Obama’s First “Innovation Hub” Falls Flat: Creates Only 10 Jobs In A Year And A Half

Hub
The National Additive Manufacturing Innovation Institute, Youngstown, Ohio(pri.org)

During his State of the Union Address earlier this year, President Obama said:

My administration has launched two hubs for high-tech manufacturing in Raleigh and Youngstown, where we’ve connected businesses to research universities that can help America lead the world in advanced technologies.  Tonight, I’m announcing we’ll launch six more this year.  Bipartisan bills in both houses could double the number of these hubs and the jobs they create.  So get those bills to my desk and put more Americans back to work.
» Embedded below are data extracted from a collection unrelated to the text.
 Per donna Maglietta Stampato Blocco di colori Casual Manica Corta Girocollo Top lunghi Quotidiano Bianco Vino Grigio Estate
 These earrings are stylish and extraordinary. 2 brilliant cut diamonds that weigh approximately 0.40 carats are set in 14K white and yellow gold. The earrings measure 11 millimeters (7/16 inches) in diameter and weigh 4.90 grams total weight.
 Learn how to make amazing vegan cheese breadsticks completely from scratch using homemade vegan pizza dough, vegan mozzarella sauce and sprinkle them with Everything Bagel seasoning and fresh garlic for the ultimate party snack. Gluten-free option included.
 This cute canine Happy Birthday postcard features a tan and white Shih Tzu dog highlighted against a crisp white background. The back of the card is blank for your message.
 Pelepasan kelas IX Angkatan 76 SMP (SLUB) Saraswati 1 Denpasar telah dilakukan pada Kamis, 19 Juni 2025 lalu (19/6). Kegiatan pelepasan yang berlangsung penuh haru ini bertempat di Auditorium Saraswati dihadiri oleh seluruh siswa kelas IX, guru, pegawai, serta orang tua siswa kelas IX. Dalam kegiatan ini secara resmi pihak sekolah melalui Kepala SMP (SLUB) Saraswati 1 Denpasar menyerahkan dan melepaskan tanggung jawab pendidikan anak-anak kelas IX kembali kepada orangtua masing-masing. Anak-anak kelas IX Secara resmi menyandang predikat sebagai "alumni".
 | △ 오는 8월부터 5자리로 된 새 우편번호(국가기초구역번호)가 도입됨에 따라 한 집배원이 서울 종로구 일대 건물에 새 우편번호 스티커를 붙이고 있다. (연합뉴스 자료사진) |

It would seem that for once, the President wasn’t lying when he said his “Hubs” would put Americans back to work.  According to an article on Reuters, The Hub in Youngstown, for instance, has employed a whopping 10 people in the year and half it’s been open:

Of six organizations in Youngstown and Cleveland – the nearest major city in the state – working on America Makes projects, none has made new hires for the work. But the non-profit managing the initiative, the National Center for Defense Manufacturing and Machining, has added 10 employees to run the lab and oversee the application process, said executive director Ralph Resnick.
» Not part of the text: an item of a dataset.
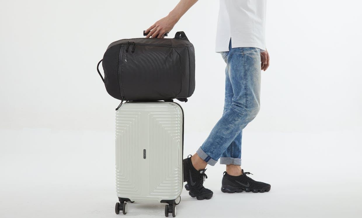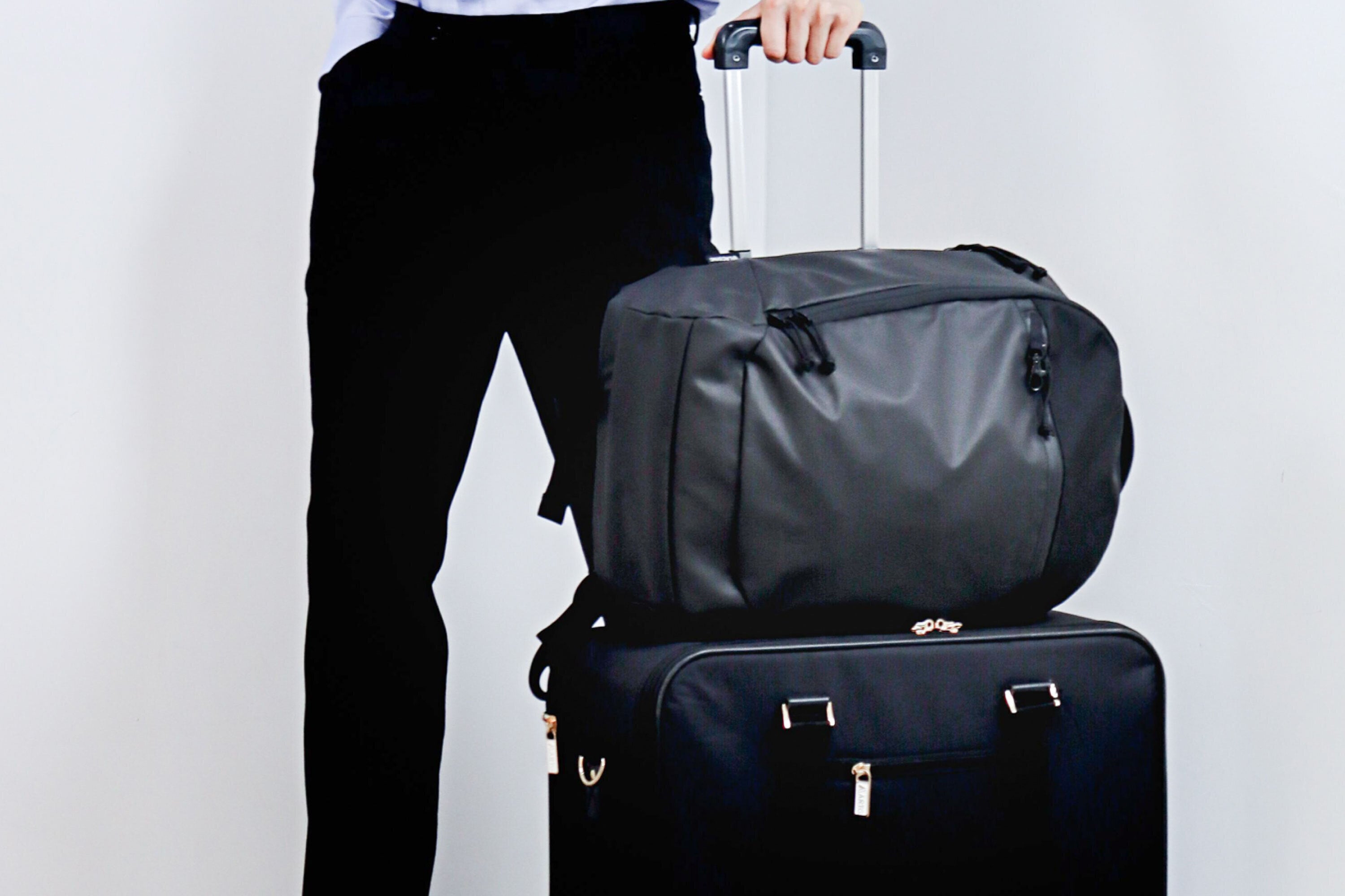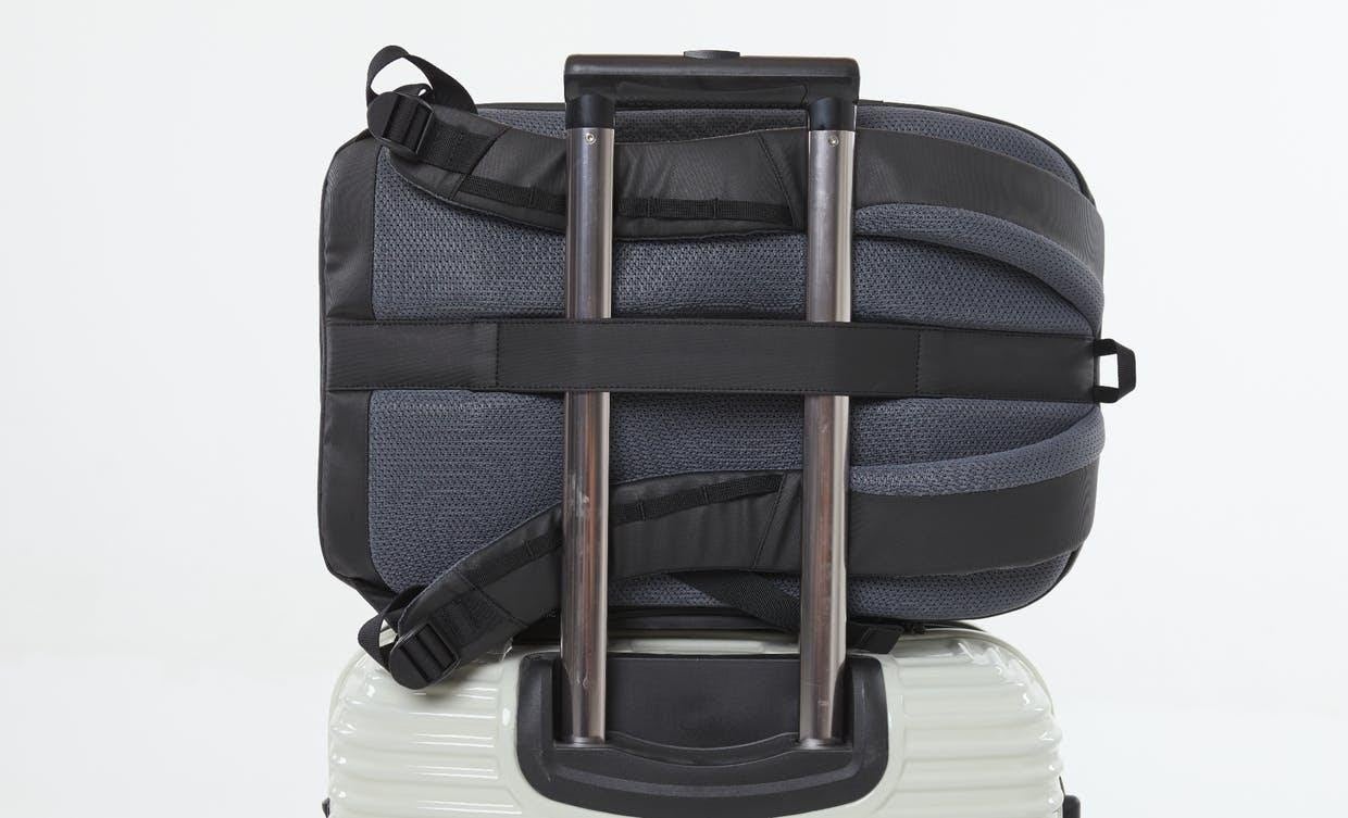 また、背面パネル中央にある隠しバンドを使うことで、スーツケースのハンドルにドッキングできます。

If that wasn’t enough to get you on board the Obama train, then you might be happy to know that these “Hubs” may not directly create jobs for middle class Americans (like the President promised) but instead may directly cause fewer middle class jobs:

The lab, called America Makes, is the first in a series of so-called “manufacturing innovationhubs” that President Barack Obama has launched with the promise that they could revitalize America’s industrial sector and spur jobs growth in downtrodden communities like Youngstown. Seven more hubs are planned by the end of the year, including projects in Chicago, Detroit and Raleigh, North Carolina, that will follow the Youngstown model of bringing together businesses, non-profits and universities to pursue technological breakthroughs.
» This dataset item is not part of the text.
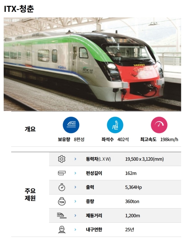 우리가 타게 될 열차 자체에 대한 정보도 흥미로워요. 총 8편성으로 이루어져 있고, 좌석 수는 402석이에요. 최고속도는 무려 198km/h에 달해서 서울에서 춘천까지 빠르게 이동할 수 있는 거고요. 무게는 360톤에 달하는 꽤 큰 열차랍니다. 최고속도가 빠르기 때문에 기존 경춘선 전철보다 훨씬 빠르게 목적지에 도착할 수 있다는 점이 가장 큰 매력이에요.
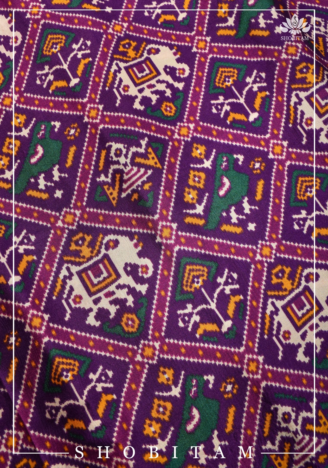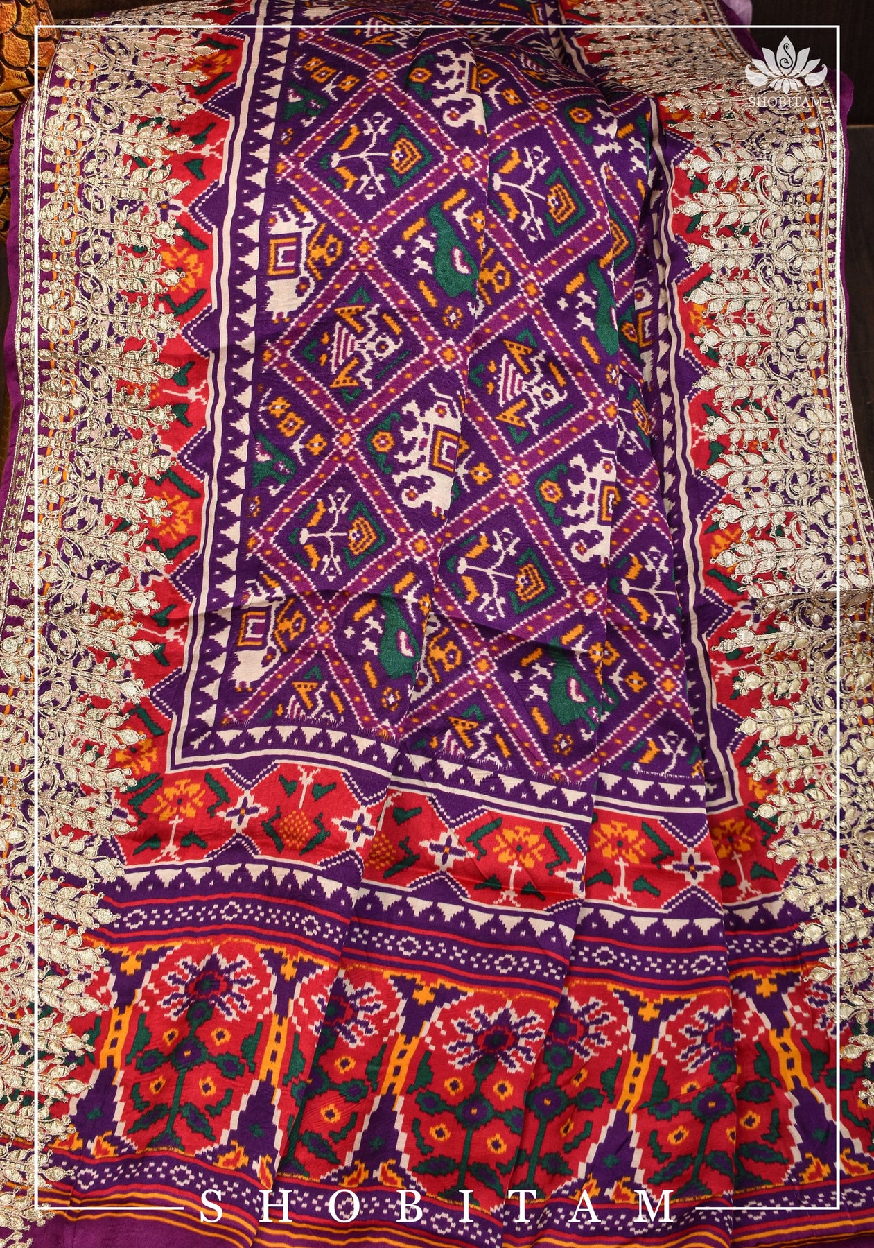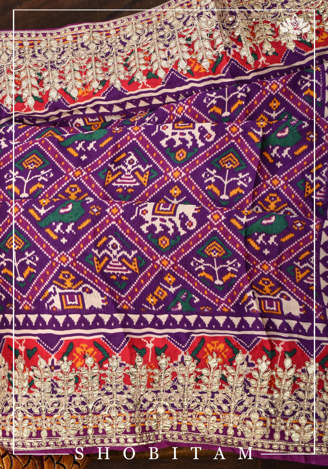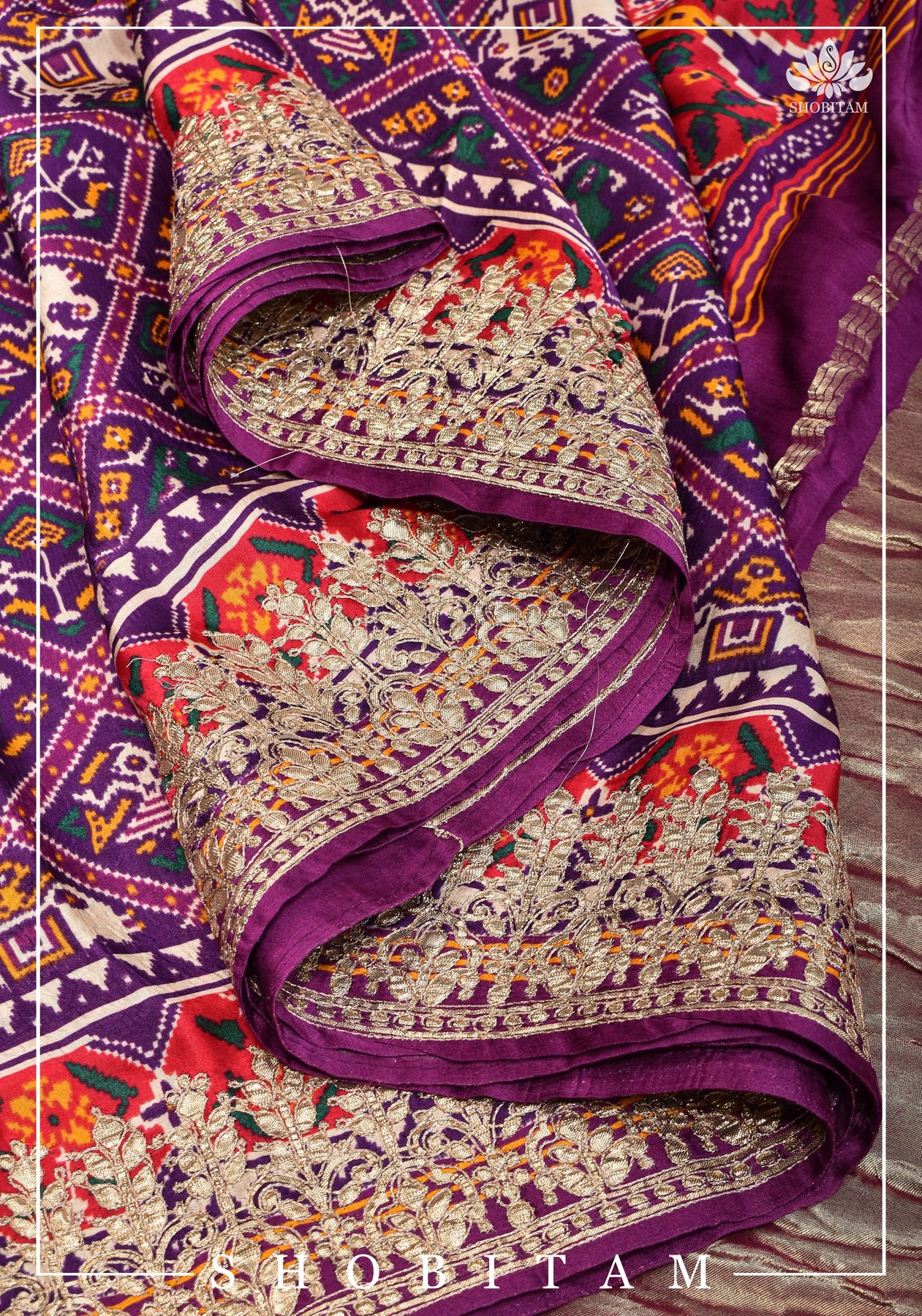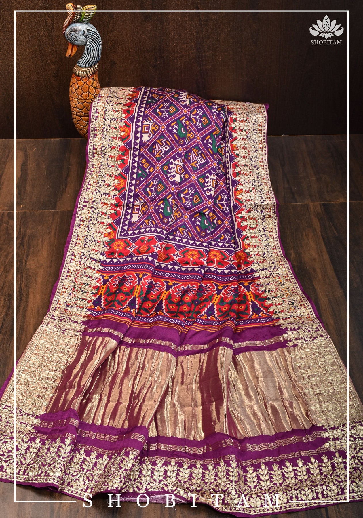 Gotta Patti technique from Rajasthan is the way to go for fancy clothes! Think metallic trims stitched in unique patterns to add a pop of shimmer. Originally fit for royalty, this celebrated technique has stood the test of time and is still in high demand. The crushed zari pallu only adds to the charm! Check out this vibrant digital print Purple tone Gajji Silk Saree with its gotta patti border that makes it a standout piece!

But after more than a year of operation, the Youngstown hub underscores the challenges facing Obama’s goal of ensuring “a steady stream of good jobs into the 21st century,” as he put it in remarks at a White House event last month.

One of the biggest challenges is the nature of factory innovation itself, which often reduces, rather than bolsters, the need for workers who aren’t very skilled. That means the manufacturing initiative could help create jobs for people with highly specialized skills, such as engineers, but it may do far less to help people struggling to find work after the shuttering of local steel mills.